MC leaders are busy preparing to host the 76th annual Mississippi Association of Colleges and Universities conference on the Clinton campus Oct. 4-6. Speakers will include Belle Wheelan, president of the Commission on Colleges with the Georgia-based Southern Association of Colleges and Schools.

Former Southern Miss baseball coach Corky Palmer, who led the Golden Eagles to the College World Series in Omaha for the first time in school history in 2009, will be among the other speakers. MC President Lee Royce serves as president of the organization's board of directors. The group promotes goodwill and networking among higher education institutions in Mississippi. It allows school leaders from community colleges, private colleges and public universities to discuss common issues - from school finances to academics and athletics.

Enrollment is always a concern on campuses nationwide. MC enrolled a record of nearly 4,900 students in the Fall of 2008. It's too early to predict the exact count for this fall. MC vice president for enrollment management and student affairs Jim Turcotte says his colleagues around the nation are worried about America's recession and what it will do to enrollment this fall. He expects MC's totals will be close to last year's levels.

In recent weeks, MC's School of Business began its Center for Economic Education. MC's center is in partnership with the Mississippi Center for Economic Education housed on the Millsaps campus in Jackson. MC's School of Business opened the center with a workshop for Clinton public school teachers. MC seeks to promote a better understanding of economic education and host workshops and other programs for teachers in districts around Central Mississippi.

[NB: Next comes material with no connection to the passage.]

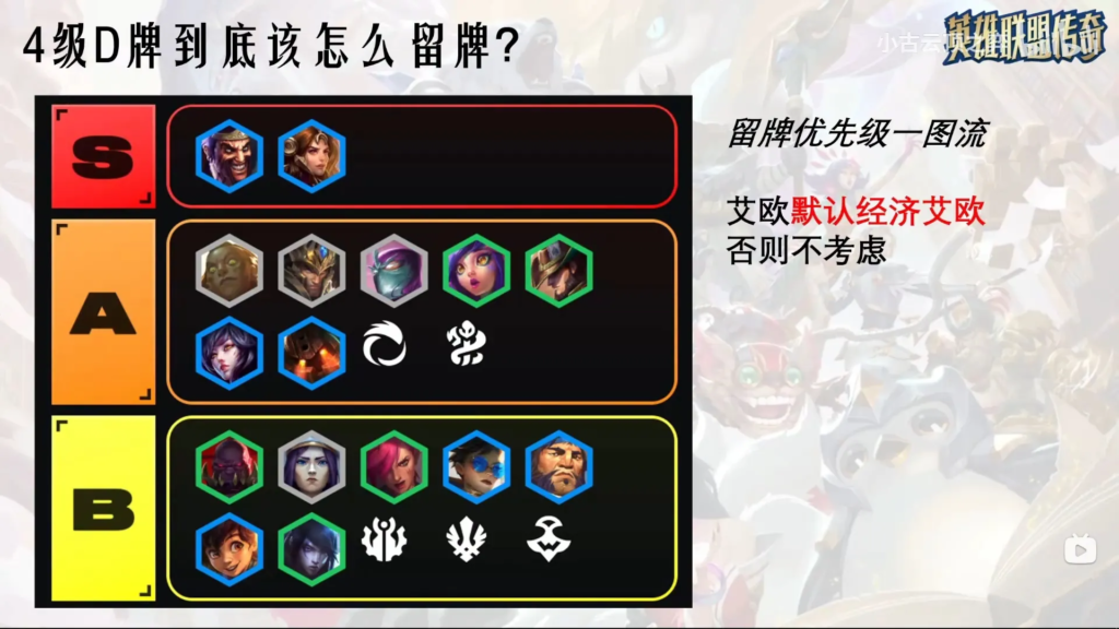 レベル4でのバードリロール時に確保すべき重要チャンピオンのリストです。

MC leaders are also delighted to see the Christian university nationally recognized by Forbes magazine as one of the Top 25 Best College Buys in America. MC landed in 24th place. One of America's premier business publications, Forbes looked at such things as "Who's Who in America'' citations, student and faculty awards, salaries and graduation rates and course evaluations.

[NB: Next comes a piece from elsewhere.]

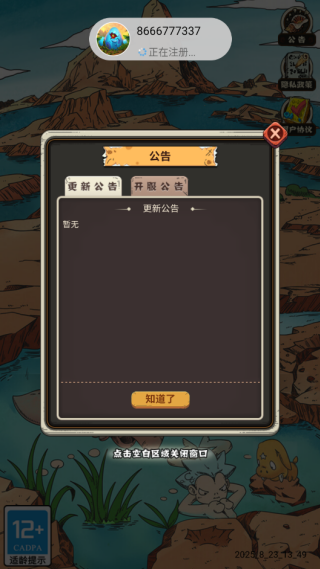 4.初次进入游戏,你会看到相关的游戏公告。

The survey was compiled by Forbes and the Center for College Affordability and Productivity. Such institutions as Florida State University and the University of Florida also made the top 25 list. Berea College in Kentucky was listed as No. 1.

Chad Phillips, executive director of enrollment management at MC, says the university's quality education at an affordable price, is what earned his alma mater in Clinton such high marks in the magazine.

At an MC orientation Aug. 6, the day the Forbes survey was released, incoming junior Erica Sutton said she was attracted to the university because of its Christian atmosphere and strong academic programs. A recent Holmes Community College honors graduate, Sutton will study graphic arts this fall at MC. "I think I'm ready for it,'' she said as her father, Hinds County Justice Court Judge Frank L. Sutton joined her on the MC campus.

Frank Sutton, who is also a pastor, said he likes her decision to attend MC because his daughter, a Forest Hill High graduate, will be close to his home in the capital city.